======== GIVEN INFORMATION ========

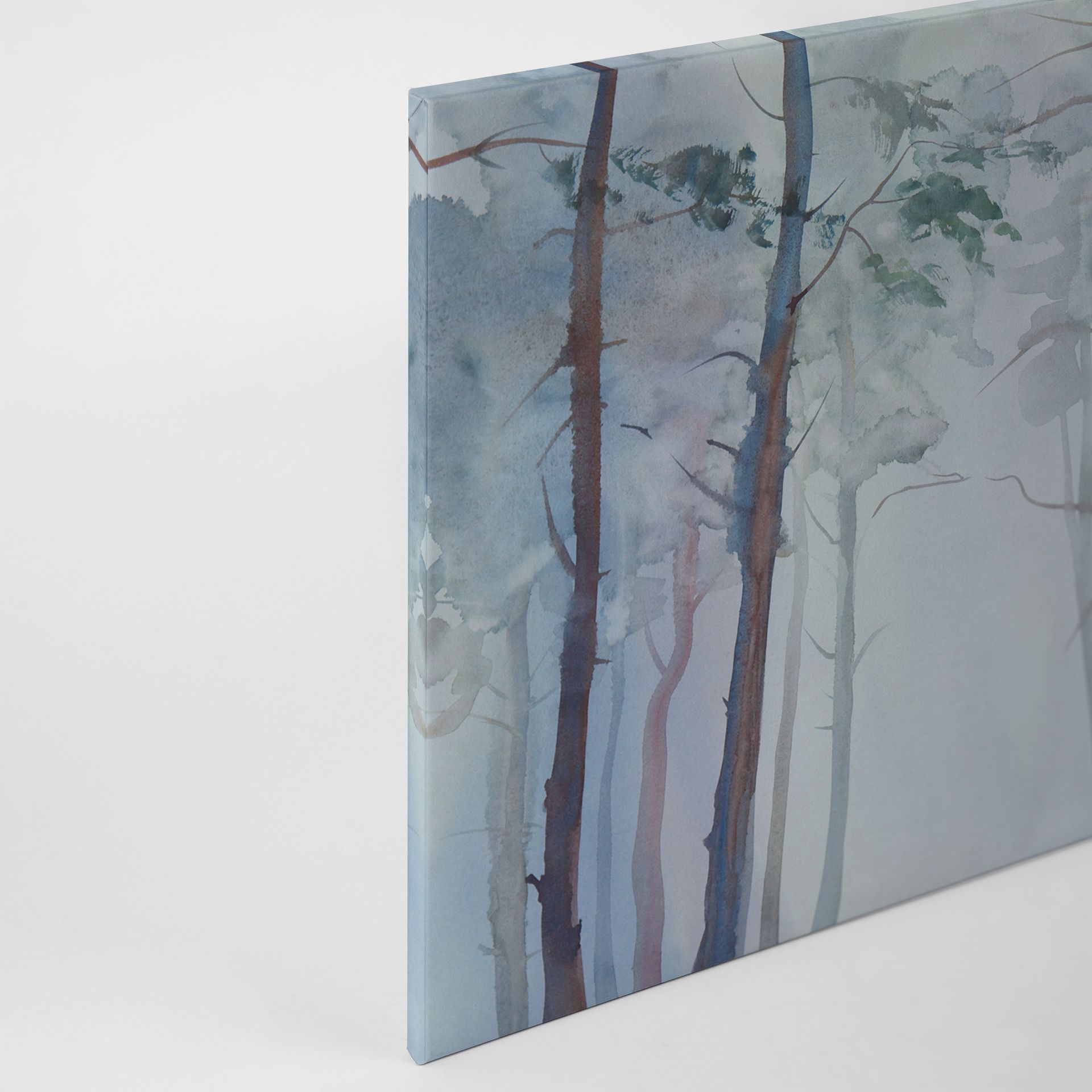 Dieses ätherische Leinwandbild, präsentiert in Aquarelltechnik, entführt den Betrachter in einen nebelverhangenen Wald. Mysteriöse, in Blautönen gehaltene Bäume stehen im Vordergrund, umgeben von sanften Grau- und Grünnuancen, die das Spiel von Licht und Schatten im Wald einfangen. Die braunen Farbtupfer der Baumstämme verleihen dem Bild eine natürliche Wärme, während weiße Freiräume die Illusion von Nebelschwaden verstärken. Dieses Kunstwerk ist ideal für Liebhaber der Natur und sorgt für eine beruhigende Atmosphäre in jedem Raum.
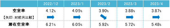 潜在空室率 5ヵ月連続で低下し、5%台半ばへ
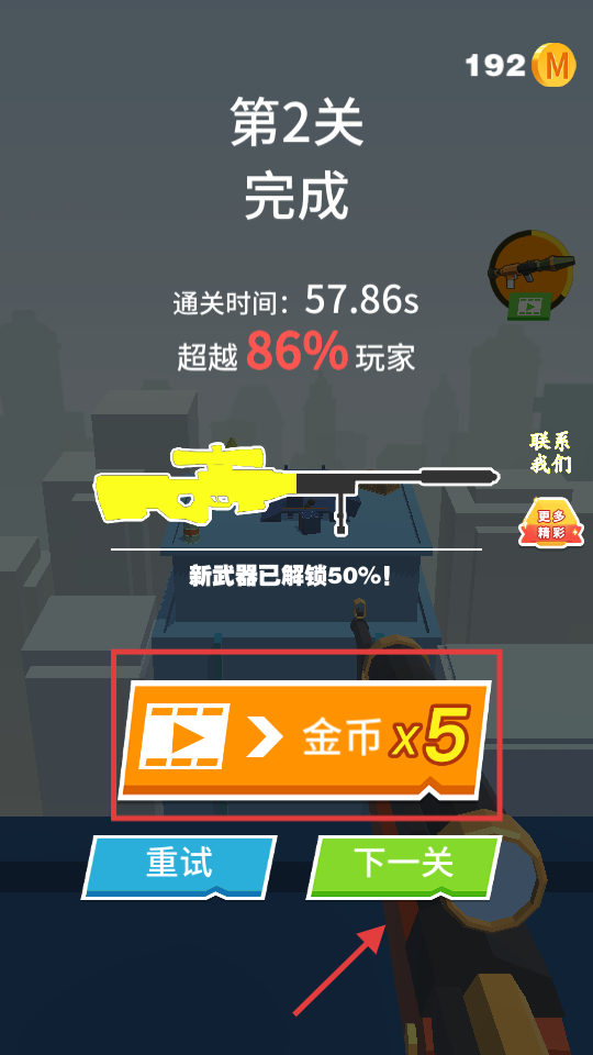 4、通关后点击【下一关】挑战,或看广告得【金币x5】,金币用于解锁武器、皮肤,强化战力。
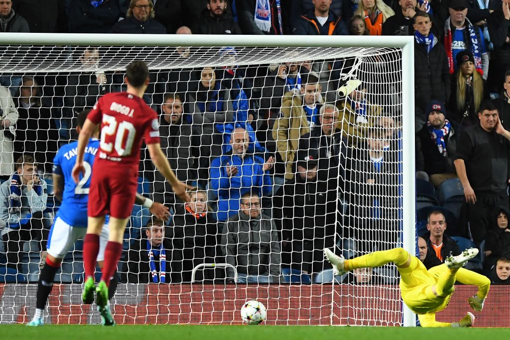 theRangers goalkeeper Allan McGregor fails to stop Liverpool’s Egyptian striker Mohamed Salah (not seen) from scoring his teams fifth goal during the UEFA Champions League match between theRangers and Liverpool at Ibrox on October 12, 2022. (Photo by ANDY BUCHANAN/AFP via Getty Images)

========

An exact copy is needed of only the lines from the top of the material through the line with "4、通关后点击【下一关】挑战"; no pictures belong in it.

 Dieses ätherische Leinwandbild, präsentiert in Aquarelltechnik, entführt den Betrachter in einen nebelverhangenen Wald. Mysteriöse, in Blautönen gehaltene Bäume stehen im Vordergrund, umgeben von sanften Grau- und Grünnuancen, die das Spiel von Licht und Schatten im Wald einfangen. Die braunen Farbtupfer der Baumstämme verleihen dem Bild eine natürliche Wärme, während weiße Freiräume die Illusion von Nebelschwaden verstärken. Dieses Kunstwerk ist ideal für Liebhaber der Natur und sorgt für eine beruhigende Atmosphäre in jedem Raum.
 潜在空室率 5ヵ月連続で低下し、5%台半ばへ
 4、通关后点击【下一关】挑战,或看广告得【金币x5】,金币用于解锁武器、皮肤,强化战力。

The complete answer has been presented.